Let’s take a brief look at each of the seven properties.
- Ether Liquidity (LQ). This property ensures that ether cannot get lost inside a contract. That is, there exists a trace that decreases the contracts balance. As an example violation, $160M was frozen in November 2017 when a contract relied on another contract to perform ether transfers (i.e., used it as a library), and then the library contract was ‘killed’ (removed from the chain). (Aside: the fact that this can happen seems to make it super-hard in general to write any contract that depends on some other library contract the author does not also control).
- No writes after calls (NW). This captures a scenario where a contract calls out to user controlled code, and that code is able to alter the state inside the contract before it returns. Such a bug in the DAO contract led to an attacker stealing $60M.
- Restricted Writes (RW). An attacker stole $30M by finding a route to change the owner field in a contract. This property guarantees that writes to storage are restricted.
- Restricted Transfer (RT). Detects Ponzi schemes by checking that ether transfers via call cannot be invoked by any user.
- Handled Exception (HE). This property checks that the return value of all call instructions is actually checked.

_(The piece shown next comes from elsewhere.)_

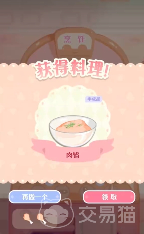 买好食材后,各位可在一个空闲的锅里放入两个单位的鸡腿,不久后它们就能得到半成品肉馅(一个单位),然后再用一个单位的肉馅和一个单位的鸡蛋进行烹饪,就能将蛋堡给制作出来了,非常的简单。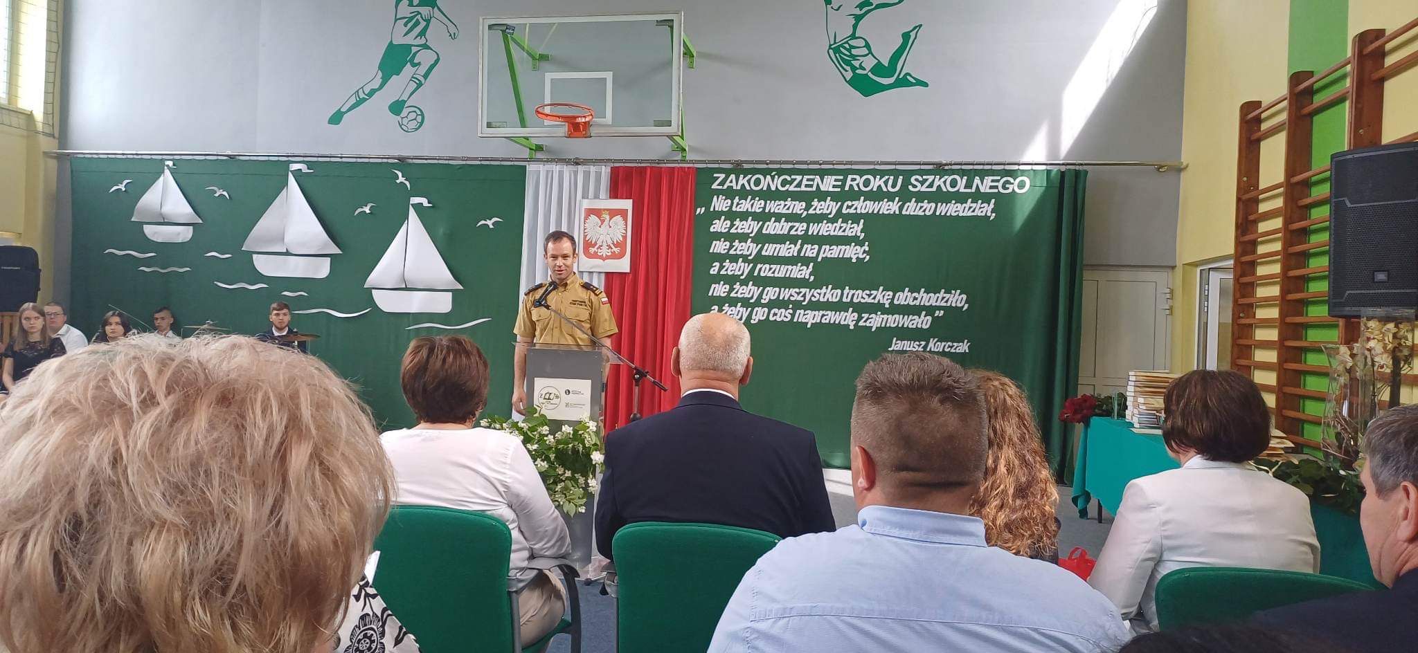 W piątek 23 czerwca br. odbyło się zakończenie roku szkolnego 2022/2023 w Zespole Szkół Centrum Kształcenia Rolniczego im. Władysława Stanisława Reymonta w Sokołowie Podlaskim. Podczas uroczystości swoją obecnością zaszczycili przedstawiciele instytucji i firm, współpracujących ze szkolą. Tutejszą komendę reprezentował bryg. Grzegorz Kuc. W swoim wystąpieniu podziękował za dotychczasową współpracę oraz przekazał informację o akcji "Bezpieczne Wakacje 2023".

- Transaction Ordering Dependency (TOD). This pattern requires the amount of ether sent by a call instruction to be independent of the state of storage and the contract’s balance. It helps to detect transaction ordering attacks by miners: “An inherent issue is the blockchain model is that there is no guarantee on the order of transactions. While this has been known, it recently became critical in the context of Initial Coin Offerings, a popular means for startups to collect money by selling tokens. The initial tokens are sold at a low price while offering a high bonus, and as demand increases the price increases and the bonus decreases. It has been observed that miners exploit this to create their transactions to win the big bonus at a low rate.“
- Validate Arguments (VA). Checks that all method arguments are verified before being used/stored.
In addition, auditors can (and commonly will) write contract-specific patterns to be checked by Security as well.
The implementation of Security is built on top of the Soufflé Datalog solver.
Securify is evaluated on 24,594 smart contracts created using the parity client, and the first 100 Solidity contracts uploaded to the online Securify contract checker in 2018.
For the real-world deployed smart contracts, the following chart shows the fraction of instructions that can be verified compliant with a property, shown to be in violation of a property, or in-doubt. E.g. the HE bar shows that almost 80% of calls do not include a check of the return code afterwards.
(Note that this shows a lot of security property violations in real-world contracts!).
For the Solidity dataset (the 100 uploaded contracts), the authors also did manual classification of all warnings to give insight into true warnings and false warnings:
In general the number of security issues found in this dataset is higher, which could well be due to (a) people uploading contracts during development to verify them, and (b) people uploading contracts with known issues to see if Securify can spot them. In contrast, the contracts in Fig 11 are deployed live so you would hope have undergone more thorough testing.
It takes Security 30 seconds per contract on average to check all the compliance and violation patterns.
Overall, our results indicated that Securify’s patterns are effective in finding violation and establishing correctness of contracts.